A tour of the C# language

C# (pronounced "See Sharp") is a modern, object-oriented, and type-safe programming language. C# enables developers to build many types of secure and robust applications that run in .NET. C# has its roots in the C family of languages and will be immediately familiar to C, C++, Java, and JavaScript programmers. This tour provides an overview of the major components of the language in C# 11 and earlier. If you want to explore the language through interactive examples, try the introduction to C# tutorials.

C# is an object-oriented, component-oriented programming language. C# provides language constructs to directly support these concepts, making C# a natural language in which to create and use software components. Since its origin, C# has added features to support new workloads and emerging software design practices. At its core, C# is an object-oriented language. You define types and their behavior.

Several C# features help create robust and durable applications. Garbage collection automatically reclaims memory occupied by unreachable unused objects. Nullable types guard against variables that don't refer to allocated objects. Exception handling provides a structured and extensible approach to error detection and recovery. Lambda expressions support functional programming techniques. Language Integrated Query (LINQ) syntax creates a common pattern for working with data from any source. Language support for asynchronous operations provides syntax for building distributed systems. C# has a unified type system. All C# types, including primitive types such as int and double, inherit from a single root object type. All types share a set of common operations. Values of any type can be stored, transported, and operated upon in a consistent manner. Furthermore, C# supports both user-defined reference types and value types. C# allows dynamic allocation of objects and in-line storage of lightweight structures. C# supports generic methods and types, which provide increased type safety and performance. C# provides iterators, which enable implementers of collection classes to define custom behaviors for client code.

C# emphasizes versioning to ensure programs and libraries can evolve over time in a compatible manner. Aspects of C#'s design that were directly influenced by versioning considerations include the separate virtual and override modifiers, the rules for method overload resolution, and support for explicit interface member declarations.

.NET architecture

C# programs run on .NET, a virtual execution system called the common language runtime (CLR) and a set of class libraries. The CLR is the implementation by Microsoft of the common language infrastructure (CLI), an international standard. The CLI is the basis for creating execution and development environments in which languages and libraries work together seamlessly.

Source code written in C# is compiled into an intermediate language (IL) that conforms to the CLI specification.

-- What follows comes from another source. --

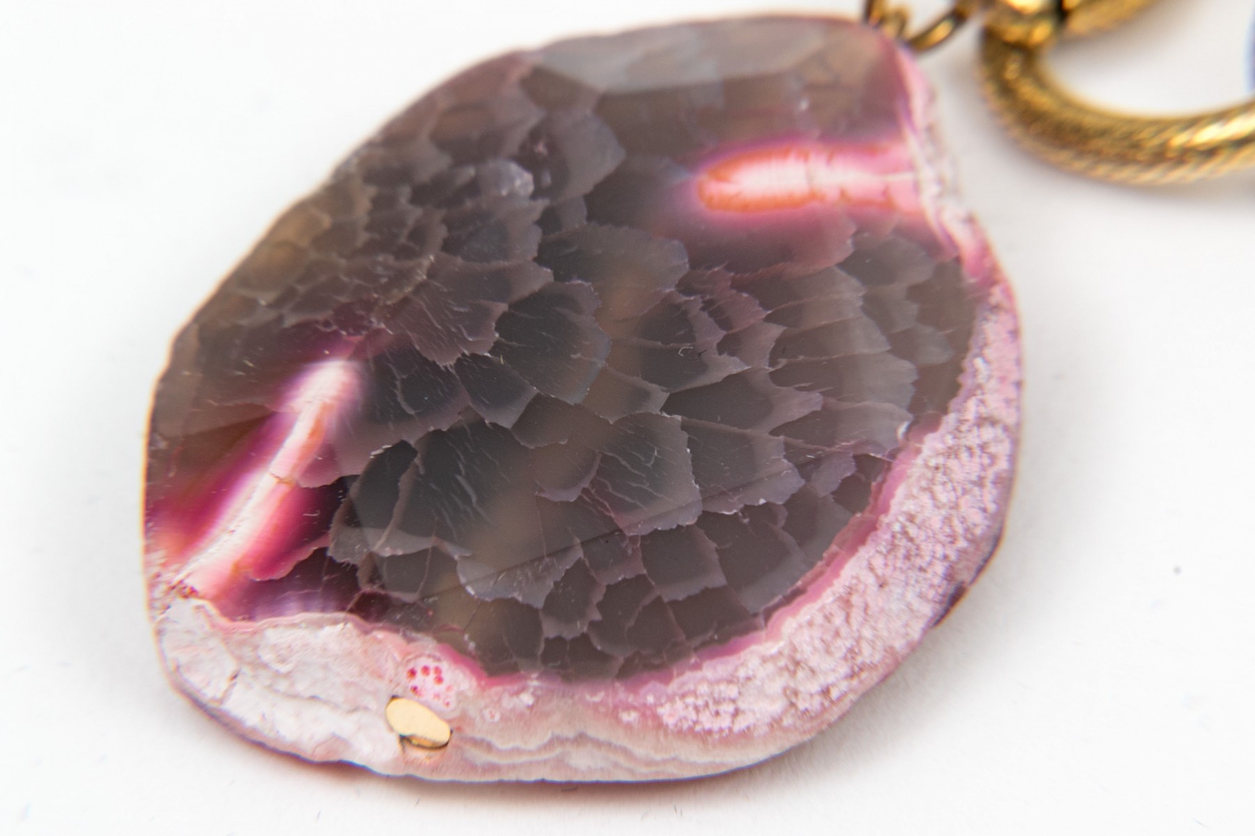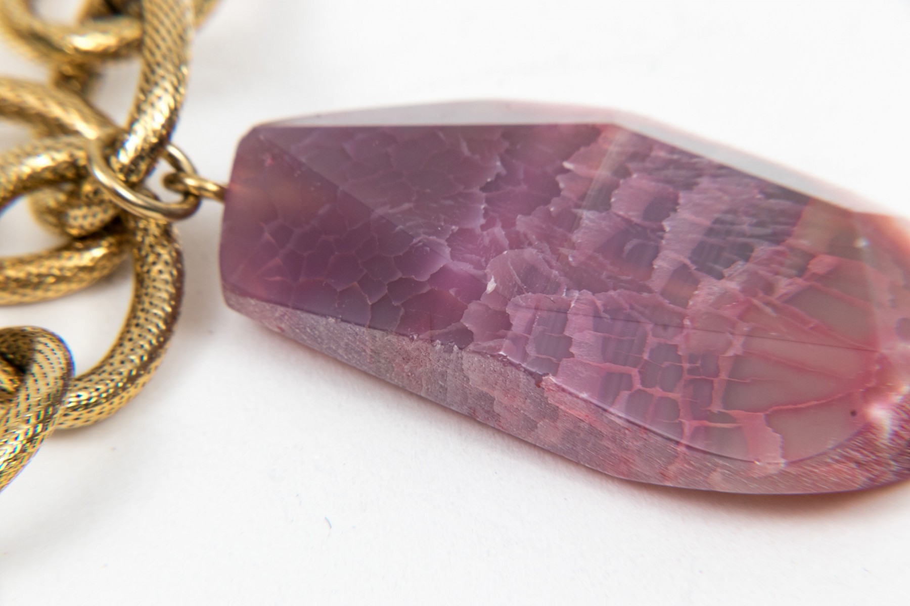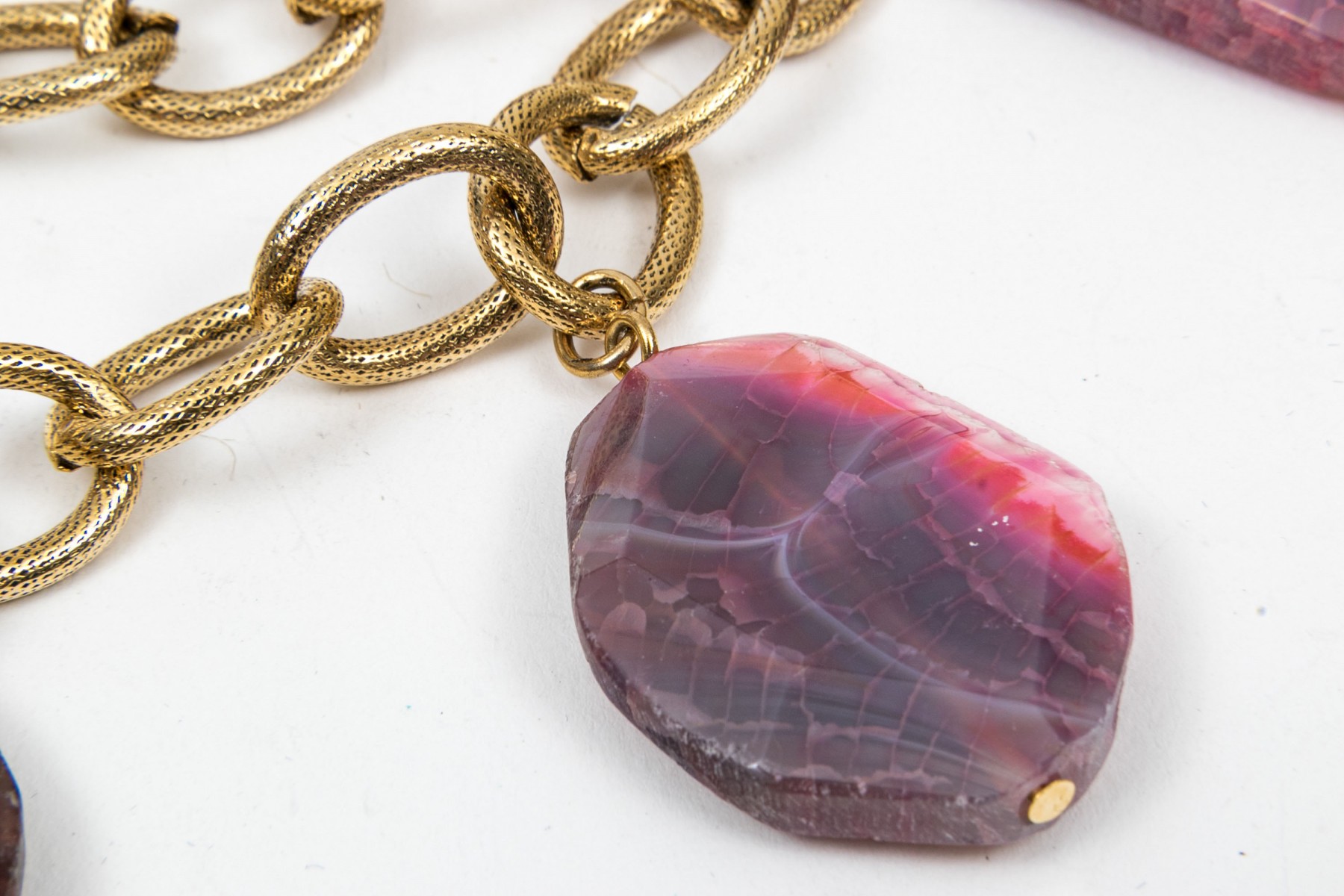 Fashion bracelet and necklace set with multicolored purple and white stones. Lobster claw and spring ring clasp.

The IL code and resources, such as bitmaps and strings, are stored in an assembly, typically with an extension of .dll. An assembly contains a manifest that provides information about the assembly's types, version, and culture.

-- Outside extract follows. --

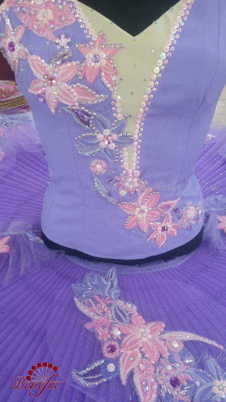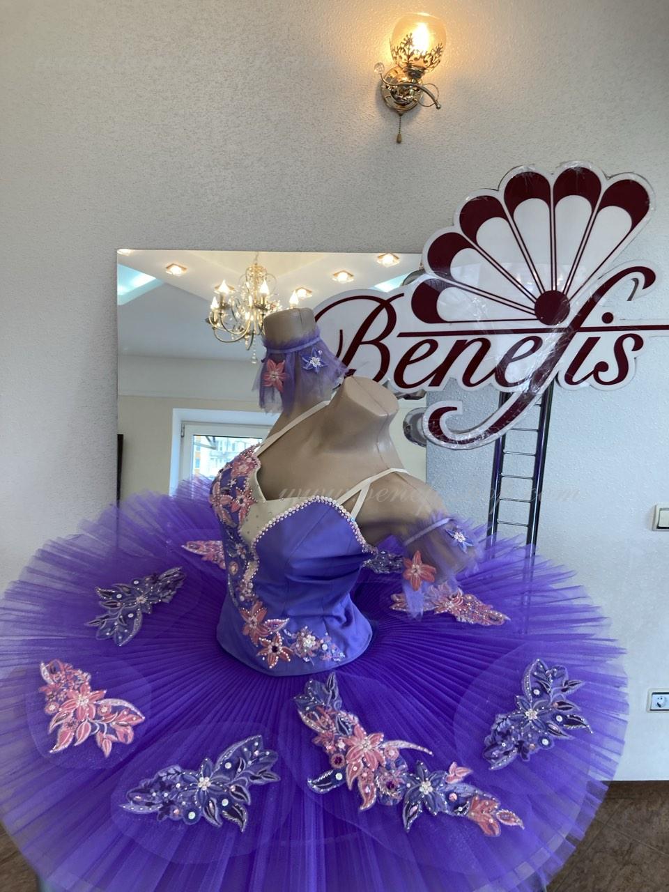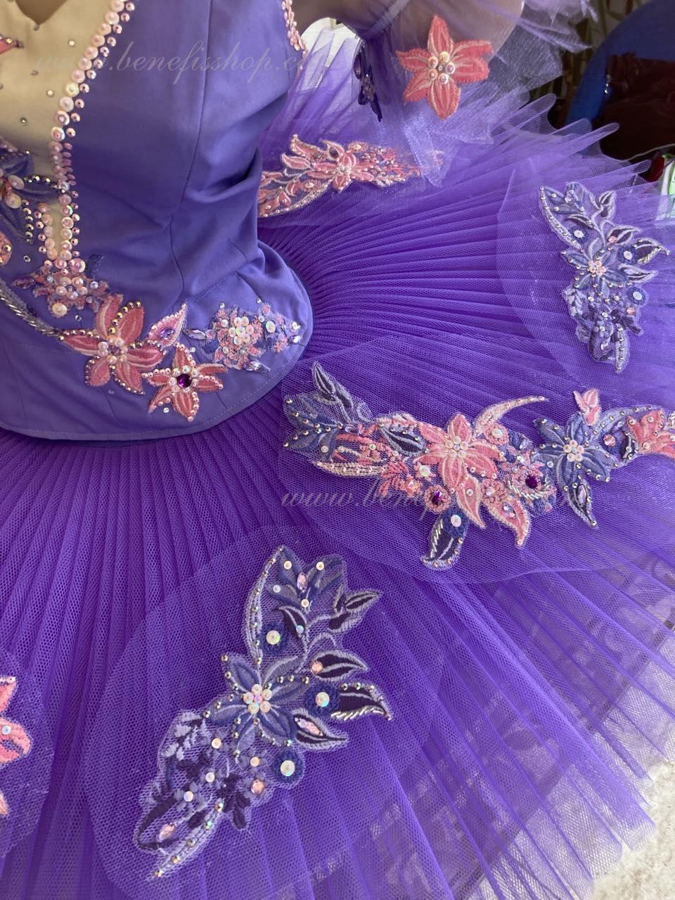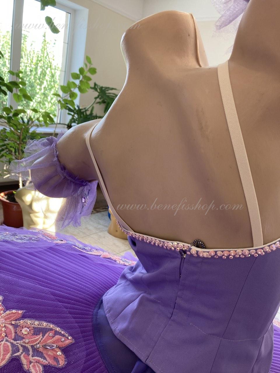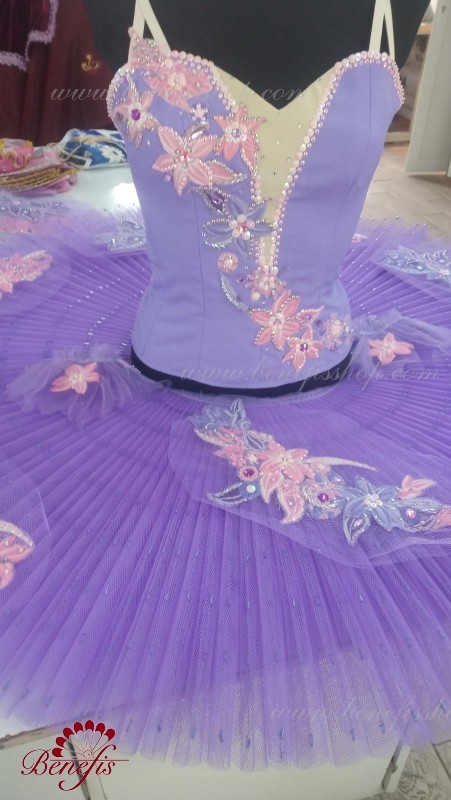 Este confectionat in baza fustei de balet profesioniste #T0001 (vezi compartimentul „Fuste de balet de baza”). Costumul este fabricat dintr-o tesatura de culoare lilicie si este decorata in culoarea tesaturii. In calitate de decor pot fi folosite margele marunte de sticla, paiete si strase argintii, aplicatii in forma de flori.

When the C# program is executed, the assembly is loaded into the CLR. The CLR performs Just-In-Time (JIT) compilation to convert the IL code to native machine instructions. The CLR provides other services related to automatic garbage collection, exception handling, and resource management. Code that's executed by the CLR is sometimes referred to as "managed code." "Unmanaged code," is compiled into native machine language that targets a specific platform.

Language interoperability is a key feature of .NET. IL code produced by the C# compiler conforms to the Common Type Specification (CTS). IL code generated from C# can interact with code that was generated from the .NET versions of F#, Visual Basic, C++. There are more than 20 other CTS-compliant languages. A single assembly may contain multiple modules written in different .NET languages. The types can reference each other as if they were written in the same language.

In addition to the runtime services, .NET also includes extensive libraries. These libraries support many different workloads. They're organized into namespaces that provide a wide variety of useful functionality. The libraries include everything from file input and output to string manipulation to XML parsing, to web application frameworks to Windows Forms controls. The typical C# application uses the .NET class library extensively to handle common "plumbing" chores.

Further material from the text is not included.